We held onto the concept of “later” for a long time. She’d visit later, when she was better, meaning she’d get better soon. After all, the doctor said she was lucky: The cancer was just barely stage 2. A few months of chemo, followed by surgery and a few months of radiation, would make it disappear. Mom is relatively young — 61 when she was diagnosed — and healthy.

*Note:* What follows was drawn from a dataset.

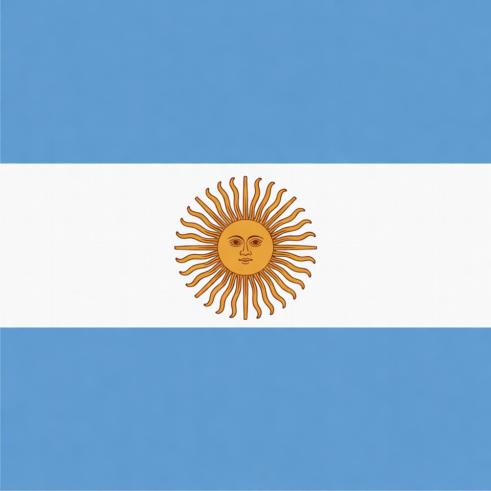 The flag of Argentina features three horizontal stripes of light blue and white. A golden Sun of May with a human-like face and radiating rays is centered on the white stripe. The design is simple and bold against a solid background.
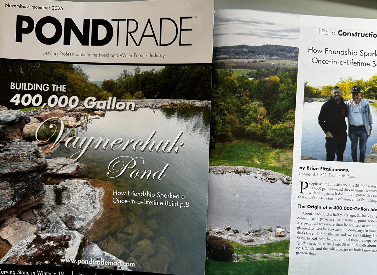 Pond Trade Magazine – November/December 2025 – “Building the 400,000 Gallon Vaynerchuk Pond” – pages 9-15

The biggest thing she worried about was leaving daily chores to my dad, who rarely made grocery store trips or cooked before he retired.

With each hospital visit, she grew more tired and her hair fell out, but there was an obvious light at the end of the tunnel. “The doctor is upbeat about it,” Mom would say after each appointment. She was upbeat too.

Then, one day in July, Mom got really sick. By the time my parents got to the emergency room, her hemoglobin count — a measurement of the protein in red blood cells that carries oxygen throughout the body — was 3.1 g/dl, 9 grams below what was considered average for a woman. The doctors ordered blood transfusions and tests, but found nothing to explain why she was suddenly on her deathbed.

Courtesy of Traci G. Lee

We packed my sister’s car and raced home. The entire drive up, I kept wondering what would happen if she died. Should we send out messages to family members now, just in case this was the end, and incur my mom’s wrath later if she turned out to be OK? How would we explain this to family members who were still heartbroken from losing my aunt in 2016? And if we didn’t say anything, would my grandmother ever forgive us for not giving her the chance to say goodbye?

When we arrived in Sacramento, she was out of the ICU but still in the hospital, awake and eager to go home. Because the doctors couldn’t find the source of any bleeding, they waited until transfusions raised her hemoglobin count and sent her home. Less than 24 hours later, Mom nearly fainted between the kitchen and the living room, and then she was back in the ICU. Each day, we’d visit; each night, we’d reluctantly leave.

The night before my sister and I went back to LA, I walked into her room to see her carefully arranging her things on a nightstand. I wanted to tell her everything I was feeling — the paralyzing fear of living in a world where cancer could rob me of a parent — but we don’t do that in my family.

“Maybe you should think about telling po-po now,” I said.

She shook her head. “I’ll be home soon. I’ll be fine,” she responded. Her voice was shaky.

In that moment, I heard the depths of how terrified she was, despite how upbeat she had been at the start. I realized that maybe not telling our family about the cancer wasn’t just her way of trying not to “burden” them. Maybe it was a way for her to protect herself. If she didn’t have to tell our family, then maybe it wouldn’t be “real.”

I might not agree with it, but I understand now why she did it.

I thought back to some of the times I kept things from my parents until after the fact — not because I didn’t want to worry them, but because I was trying not to worry myself: the time I failed my linguistics course in college (twice), the time I ran out of money while interning in D.C., the time I decided to move back to California after five years in New York. Each time, I waited until the situations were over or fixed before I told my parents what my plans were. Each time, there was usually a pause and then a sigh as they accepted whatever I had decided.

It’s been six months since Mom’s surgery. She’s finished radiation, and we can say that she’s officially cancer-free. Once her oncologist gave her the good news, she came to LA and told the rest of the family. Her cancer is something we only talk about in passing now, as if it was an episode of a TV show we’re finally all caught up on.

I don’t argue with her anymore about why she kept the cancer from our family for so long. Ultimately, the decision was about how much she could allow herself to feel. I might not agree with it, but I understand now why she did it. All the rest of us could do was hope for the best.